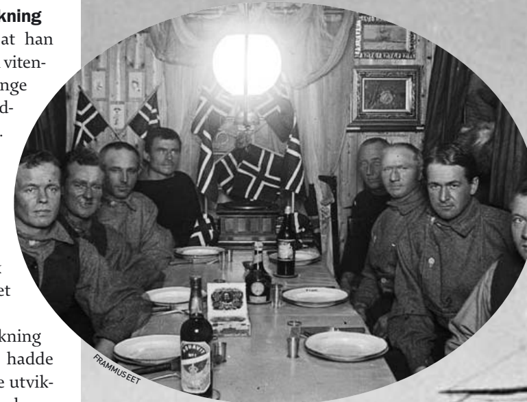
Under ekspedisjonen til Sørpolen etablerte Amundsen og hans menn en base som ble døpt Framheim. Her er karene i feststemning på basen.
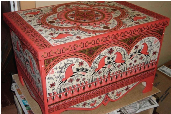
Сундук с Мезенской росписью
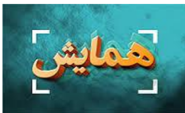
شکل (۱): نمونه شکل

هر شکل باید دارای شماره و عنوان (توضیح) باشد که به صورت وسط چین در زیر آن با قلم نازنین پرنرنگ و اندازه ۱۰ PT تایپ و به ترتیب از ۱ در داخل پرانتز شمارهگذاری میشود. شکلها در داخل متن و در جایی که به آنها ارجاع میشود، درج گردند. ذکر واحد کمیتها در شکلها الزامی است. در متن مقاله به همه شکلها ارجاع شود. هر شکل را با یک سطر خالی فاصله از متن ماقبل و مابعد آن قرار دهید (توجه شود که خود شکلها و نمودارها نیز، همانند جدولها باید در موقعیت وسط چین نسبت به طرفین کاغذ قرار گیرند).
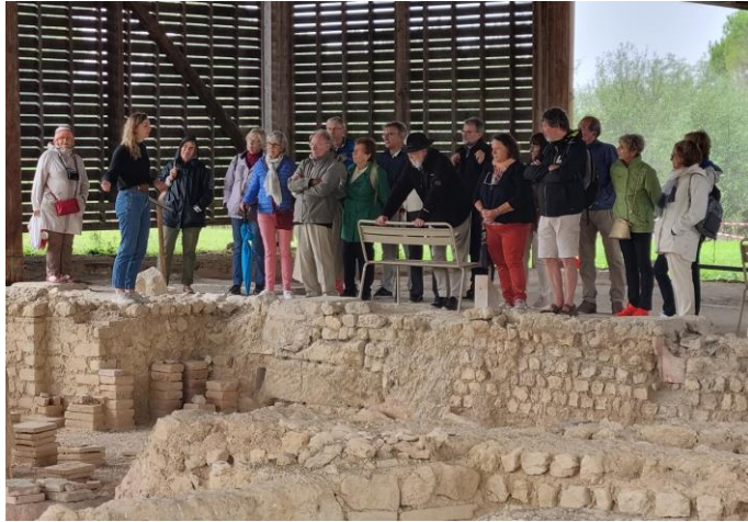
Visite guidée de la Domus de Cieutat d'Élusa, riche maison gallo-romaine

Eauze, capitale de l'Armagnac, fut la capitale de la province romaine de Novempopulanie
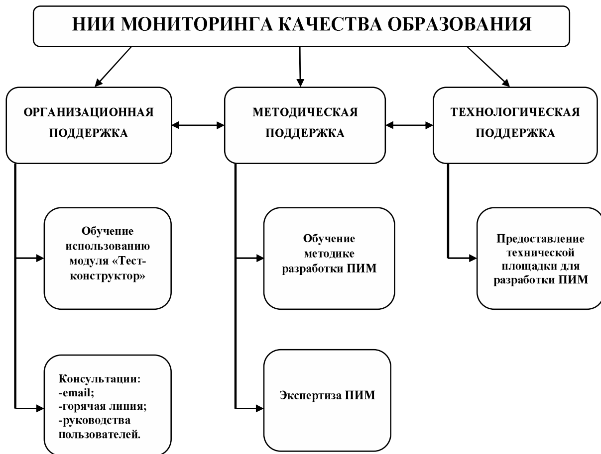
Рисунок 1 – Схема комплексной поддержки модуля «Тест-конструктор»

Рассмотрим основные особенности работы с модулем «Тест-конструктор».
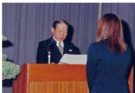
歯科衛生士専門学院卒業式卒業証書授与
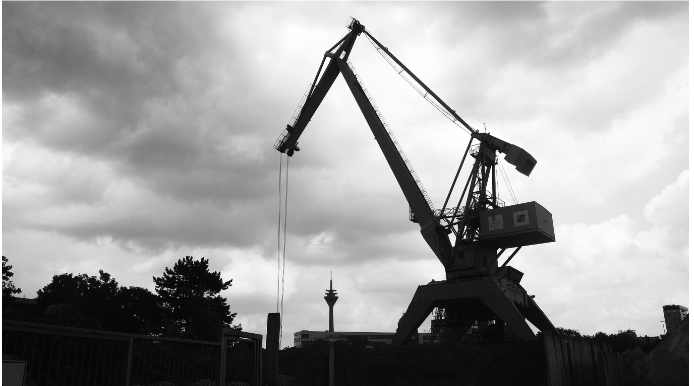
Hafenkran an Rheinturm

Nähert man sich der Stadt auf einer der Autobahnen im Westen, ist der Turm bei guter Sicht schon aus deutlich mehr als 20 Kilometern zu sehen. Umgekehrt: Bei gutem Wetter kann man in der Ferne den ziemlich genau 40 Kilometer entfernten Turm in Köln sehen, der ein halbes Jahr früher als unser Schmuckstück eingeweiht wurde, aber aus kölschen Gründen seit 1994 nicht mehr öffentlich zugänglich ist. Beide zählen zu den 27 von der Deutsche Funkturm GmbH, einer hundertprozentigen Tochter der Deutschen Telekom AG, betriebenen Sendeanlagen in NRW. Nachdem die rasche Ausbreitung der Glasfasernetze für das analoge Telefon die Bedeutung des Richtfunks in den Neunzigerjahren fast völlig beendet hatte, erlebte diese Technik durch das drahtlose Telefonieren ab etwa 2005 eine Renaissance, wobei inzwischen die Plätze an den Türmen vor allem für Antennen diverser Netzbetreiber vermietet werden.
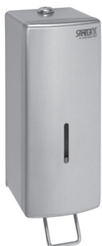
SLZN 73 85730 Nierdzewny naścienny podajnik mydła w płynie
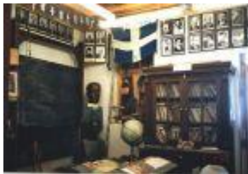
Εικόνα 22: Λαογραφικό Μουσείο Ελαφοτόπου 54

Η όλη προσπάθεια άρχισε το 1978 με πρωτοβουλία του Ελαφοτοπίτη Εκπαιδευτικού Τέχνης και Γλύπτη Μιχαήλ Ματθ. Οικονομίδη. Το μουσειακό υλικό προέρχεται από δωρεές και αγορές.
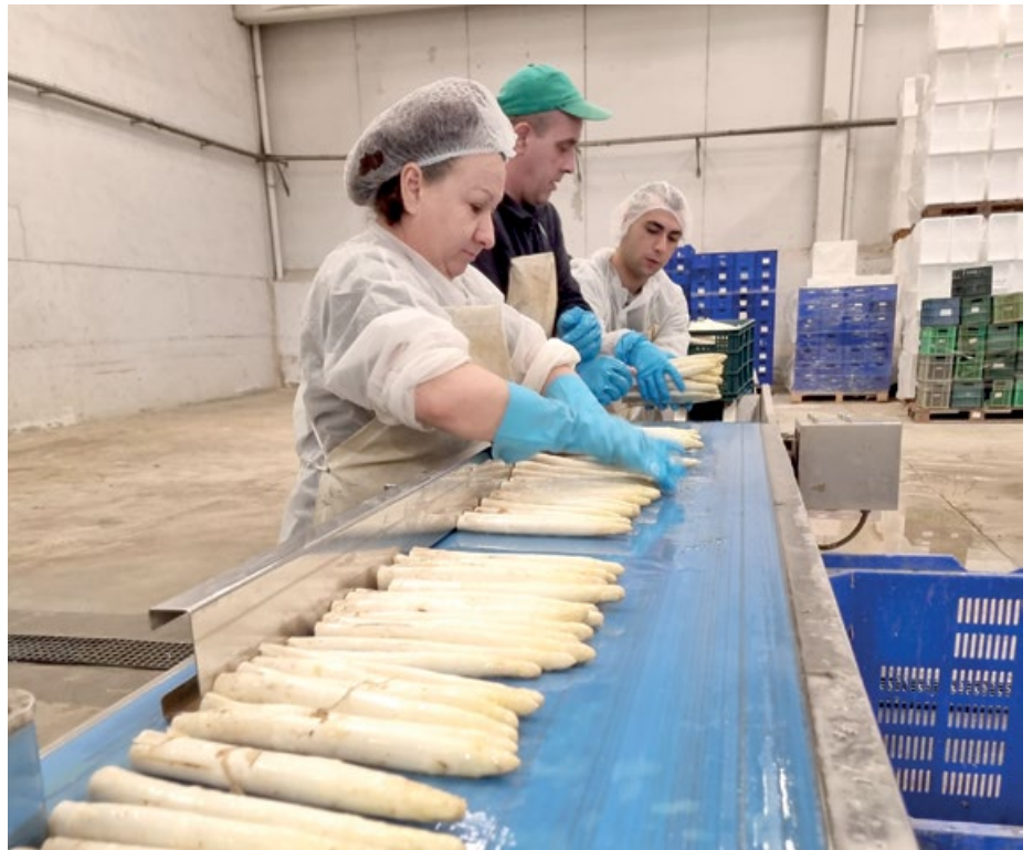
En el CHC comenzaron con la confección el 7 de abril

Cuando el espárrago va a ser trabajado, normalmente el mismo día o el siguiente, se baña en agua nuevamente y se corta para sanear. Posteriormente pasa a la calibradora, donde se detecta el diámetro, y en función del calibre se distribuye por las diferentes cintas clasificadoras de la línea para ir confeccionando los distintos formatos que se elaboran
• • • • •
__TASK INSTRUCTIONS__. Figure out how many lines of the material include the string "romaine", and reply with only that figure.

__RESULT OF THIS EXERCISE__. 2